That's not an entirely accurate representation of those lamps. The MN02 also came in a dark blue base, the MN03 in tan base, the MN10 in an orange base (MN11 pink). I believe the MN16 may have had a purple version, though I can't remember for certain right now off the top of my head. The P61 has a few variations out there, some with frosted bulbs and some without, some are marked Laser Products, and some Surefire. Most of the unfrosted ones are marked Laser Products, and most of the frosted ones are marked Surefire.



DayofReckoning said:


> The MN01 can be driven off 2AA if one is fortunate enough to have a Surefire E2L AA Outdoorsman. I have to think this would be a very [FONT=Verdana,Arial,Tahoma,Calibri,Geneva,sans-serif]pleasant, fun little [/FONT]setup to use.

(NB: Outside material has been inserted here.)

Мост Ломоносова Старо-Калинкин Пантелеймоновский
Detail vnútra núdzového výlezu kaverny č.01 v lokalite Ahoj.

Great setup, been using that for years.


----------



## DayofReckoning (Jun 18, 2020)

I think some certain models of those old colored bulbs are notorious for exploding in the head. Can't remember which one's, or if it was just one.

EDIT: To clarify, it was an M-Series bulb.


----------



## Bullzeyebill (Jun 18, 2020)

DayofReckoning said:


> The MN01 can be driven off 2AA if one is fortunate enough to have a Surefire E2L AA Outdoorsman. I have to think this would be a very pleasant, fun little setup to use.
> 
> Will the Malkoff 2AA bodies accept an incan E series head and incan lamp, and function properly?

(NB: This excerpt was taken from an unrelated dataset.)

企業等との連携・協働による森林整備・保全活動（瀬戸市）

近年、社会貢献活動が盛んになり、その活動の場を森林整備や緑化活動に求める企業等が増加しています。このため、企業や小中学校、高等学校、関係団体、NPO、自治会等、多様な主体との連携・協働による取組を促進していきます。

I run the MN01 using my Malkoff 2AA biody. Works fine. Usinfg Eneloops, of course, and will run with primary AA's

Bill


----------



## chillinn (Jun 18, 2020)

novice said:


> It's unfortunate that there are so few (any?) options for appropriate rechargeable cell options for the MN02 and MN03.



They both work in single cell Li-ion secondary setup. Many have said this is bad for these lamps, causes darkening glass they say, shortens the life of the lamp they say. But I have never noticed any such thing. Maybe that might happen with a single primary, but a single Li-ion secondary voltage discharge curve is within the same voltage range as that of two Lithium primaries. The worst thing I have seen about running them this way on a single Li-ion secondary is the color temperature gets too warm... but you'll only notice that for short time until the natural white point recalibrator in our brains kicks in. MN03 are far more plentiful than MN01, so I would wager most used E1e you find will have a MN03 in it rather than the stock MN01.




ampdude said:


> That's not an entirely accurate representation of those lamps. The MN02 also came in a dark blue base...

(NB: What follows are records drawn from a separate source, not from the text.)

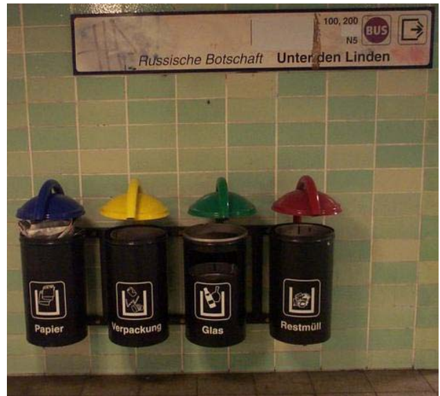
A Berlin (Allemagne)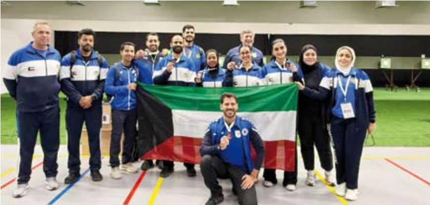
صورة جماعية لمنتخب الكويت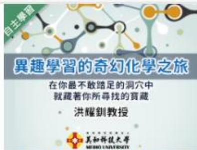
異趣學習的奇幻化學之旅... 自2020/08/01 ~ 2021/01/31 美和科技大學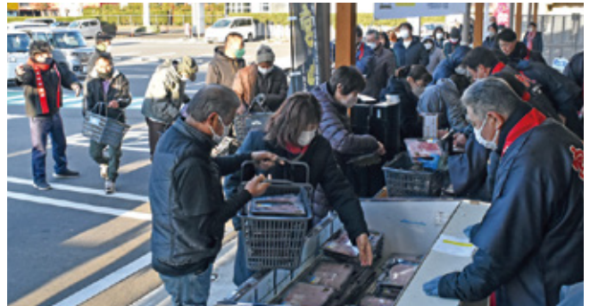
宮崎牛フェアの様子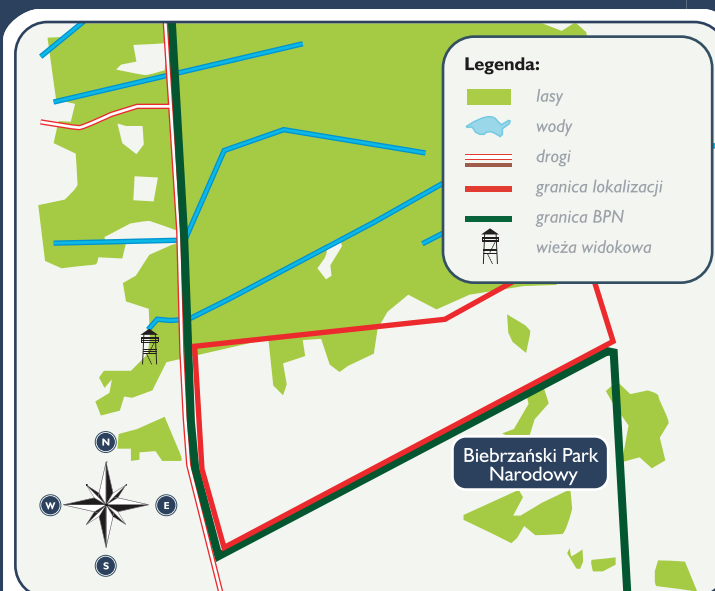
Lokalizacja projektu: Bagno Ławki - Szorce

I have never seen one as light blue as in that picture, and I have thought about this before and suspect the image is color-uncorrected simply to show that it is blue, otherwise it might look black in a photo.




DayofReckoning said:


> I think some certain models of those old colored bulbs are notorious for exploding in the head. Can't remember which one's, or if it was just one.
> 
> EDIT: To clarify, it was an M-Series bulb.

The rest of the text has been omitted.